La question afghane liée au Cachemire

C'est là l'un des points faibles de l'opération américaine. Une intervention technique et militaire, obnubilée par Ben Laden et qui à force de négliger la stratégie politique, en oublie d'éteindre les conflits à l'origine de la montée en puissance du terrorisme international. Si la chute de Kaboul constitue une victoire incontestable pour l'Alliance du nord, il n'en reste pas moins que le repli taliban sur les zones tribales frontalières peut s'interpréter comme une volonté de continuer le combat en profitant des solidarités ethniques pachtounes, sachant que l'Inde soutient l'Alliance du Nord et que l'absence de représentation pachtoune à Kaboul constitue une défaite et probablement un facteur d'inquiétude sur le plan intérieur pour Mousharraf. Le second risque, et non des moindres, est de voir les réseaux talibans et Ben Laden, tenter de faire du Pakistan la base arrière de son combat contre les Etats-Unis, en s'appuyant sur la base pachtoune présente dans les zones frontalières avec l'Afghanistan que Mousharraf ne contrôle plus.

Si à court terme, c'est la réaction des pachtounes et l'habileté politique de l'Alliance du Nord qui décideront de l'avenir de l'Afghanistan, pour Olivier Roy, chercheur au C.N.RS., " la question afghane ne peut trouver une solution durable que si l'on règle le conflit indo-pakistanais sur le Cachemire, dans la mesure où une grande partie du soutien pakistanais aux taliban s'explique par le besoin du Pakistan de disposer de combattants talibans entraînés susceptibles d'aller se battre au Cachemire.
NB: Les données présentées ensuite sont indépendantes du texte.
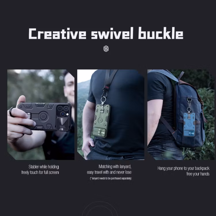 Snyggt mobilskal med kameraskydd till Apple iPhone 13 Pro Max från Nillkin. Inbyggd lucka som enkelt skjuts framför kameran och på så sätt skyddar effektivt mot repor och skador som lätt kan bli på kameralinsen. Kameraskyddet är tillverkat i borstat stål.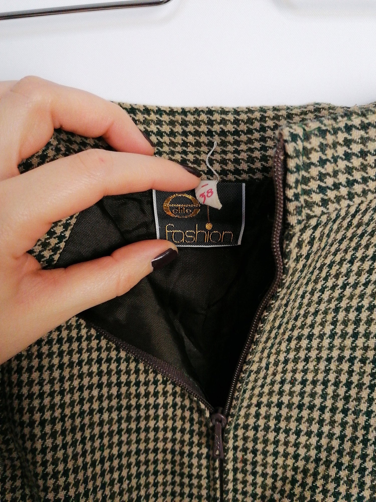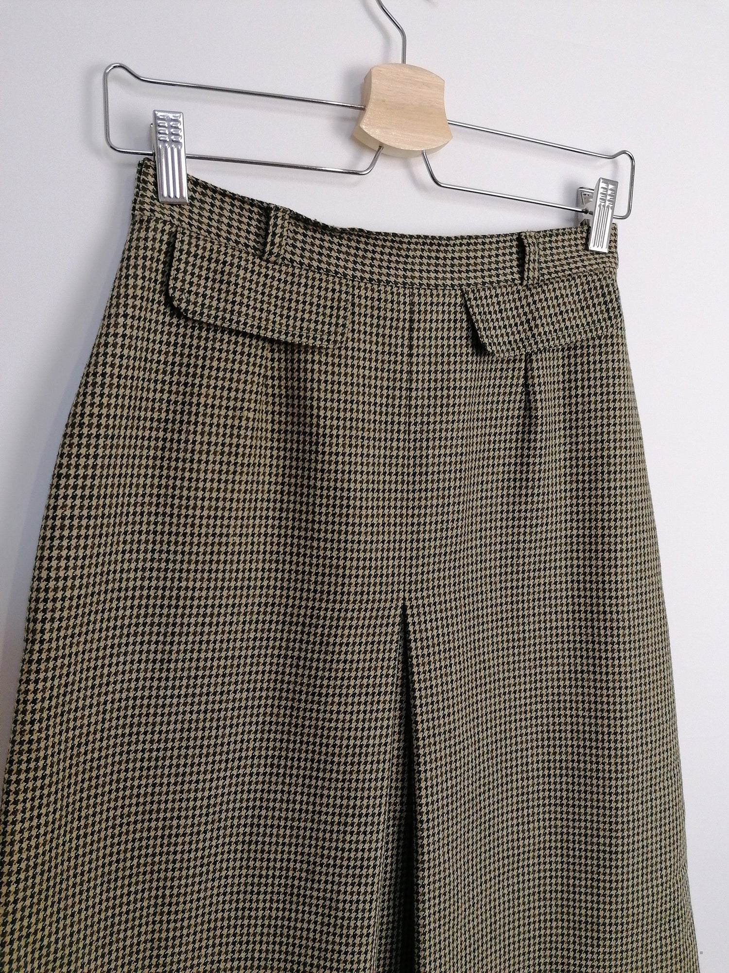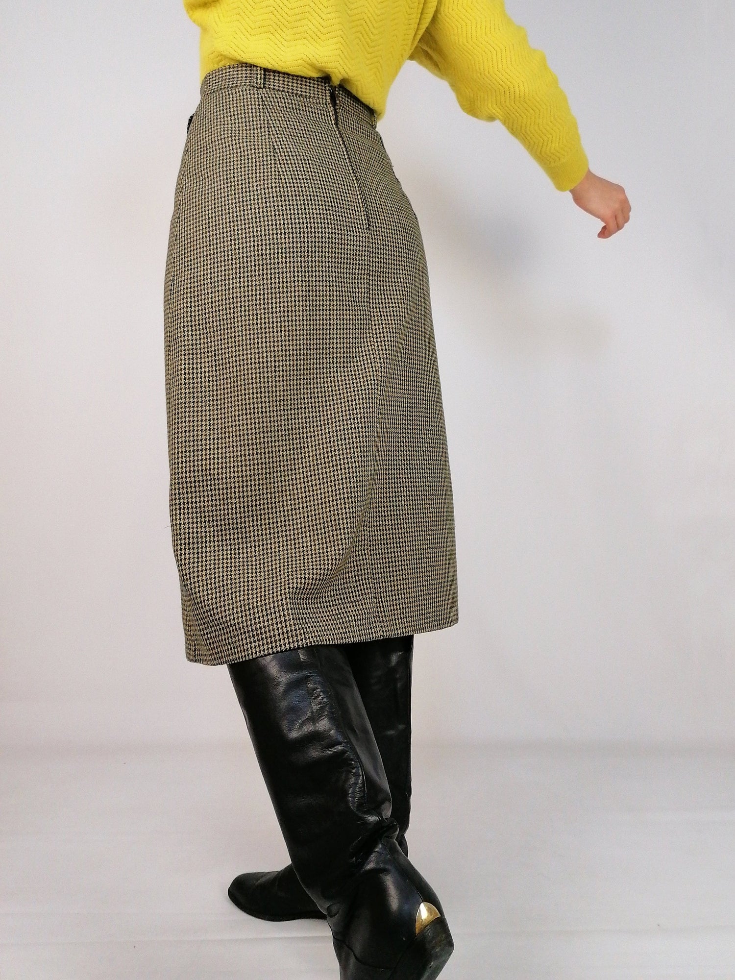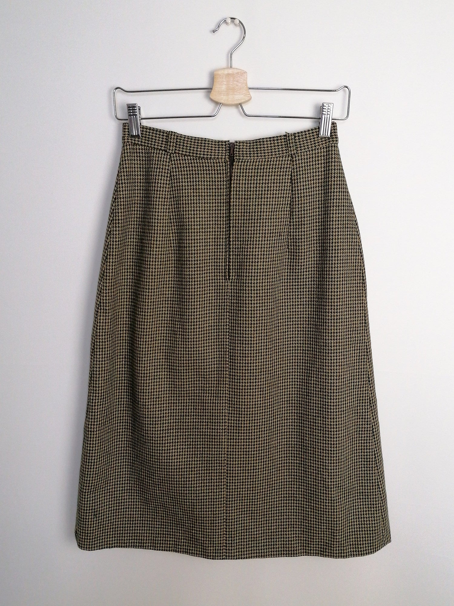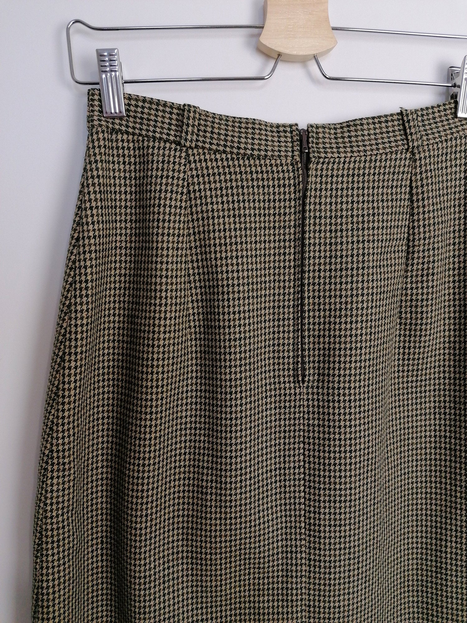 Amazing vintage 80's high waist wool blend skirt, beautiful houndstooth pattern in shades of greenish brown.

Idéalement, il aurait fallu outre une opération militaire, entamer des négociations pour apaiser au plus vite le contentieux cachemiri, car tant que le problème n'est pas réglé, le Pakistan aura, à moyen ou long terme, la tentation de jouer de son influence et de la question religieuse pour, à nouveau, mobiliser des combattants afghans ".